§ EXTRACTED INFORMATION:

※

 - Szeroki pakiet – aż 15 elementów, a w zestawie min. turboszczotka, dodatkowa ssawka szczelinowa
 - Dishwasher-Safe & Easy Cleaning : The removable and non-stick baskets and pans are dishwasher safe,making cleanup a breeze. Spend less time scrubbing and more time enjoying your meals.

※

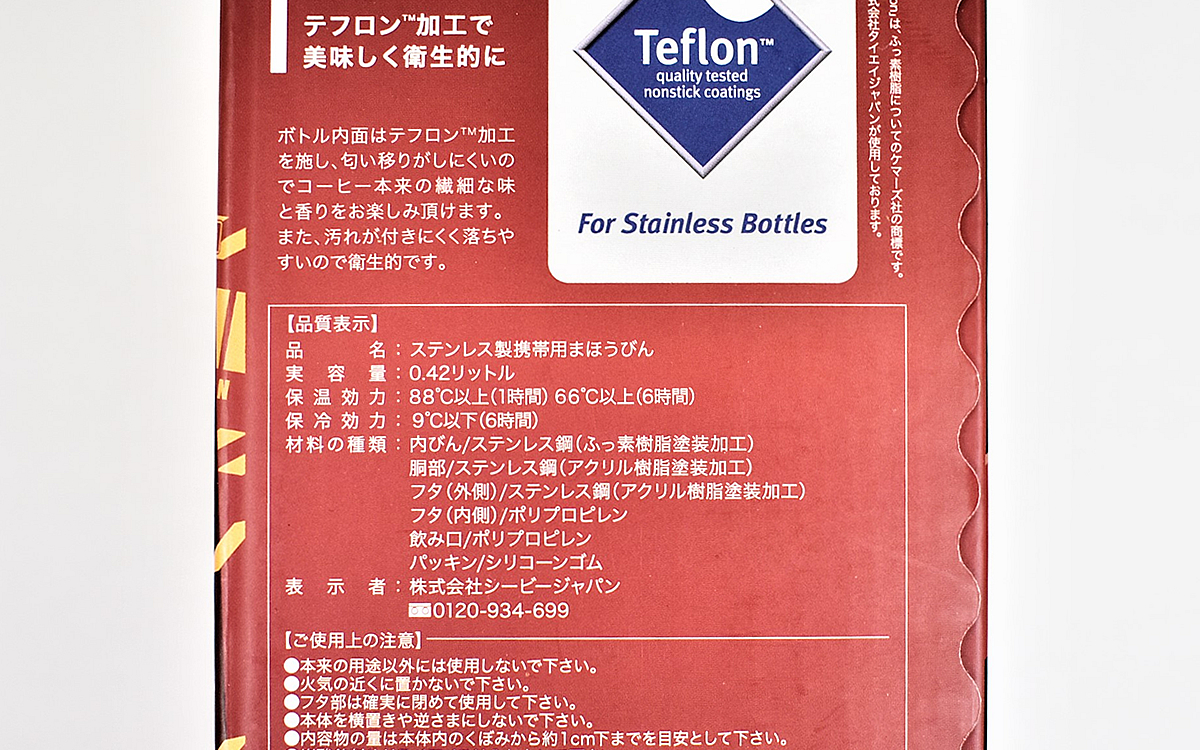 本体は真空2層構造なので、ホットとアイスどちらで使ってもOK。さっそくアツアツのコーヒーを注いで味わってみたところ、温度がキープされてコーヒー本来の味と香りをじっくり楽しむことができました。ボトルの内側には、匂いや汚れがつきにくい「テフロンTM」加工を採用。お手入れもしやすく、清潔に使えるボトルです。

※

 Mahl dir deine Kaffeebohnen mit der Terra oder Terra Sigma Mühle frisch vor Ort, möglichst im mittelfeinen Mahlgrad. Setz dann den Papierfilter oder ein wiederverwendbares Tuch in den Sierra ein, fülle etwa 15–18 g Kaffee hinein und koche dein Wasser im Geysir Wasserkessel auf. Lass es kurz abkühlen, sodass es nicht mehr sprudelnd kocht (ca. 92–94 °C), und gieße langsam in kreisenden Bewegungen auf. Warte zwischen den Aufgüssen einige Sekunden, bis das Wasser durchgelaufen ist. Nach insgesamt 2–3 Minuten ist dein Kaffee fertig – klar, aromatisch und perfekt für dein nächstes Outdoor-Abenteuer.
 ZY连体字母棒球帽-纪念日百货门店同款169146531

※

§ PROMPT: Retype exactly the lines of the data above that fall between the line with "- Szeroki pakiet" and the line with "- Dishwasher-Safe &", inclusive, and add nothing.

§ EXERCISE RESULT:
 - Szeroki pakiet – aż 15 elementów, a w zestawie min. turboszczotka, dodatkowa ssawka szczelinowa
 - Dishwasher-Safe & Easy Cleaning : The removable and non-stick baskets and pans are dishwasher safe,making cleanup a breeze. Spend less time scrubbing and more time enjoying your meals.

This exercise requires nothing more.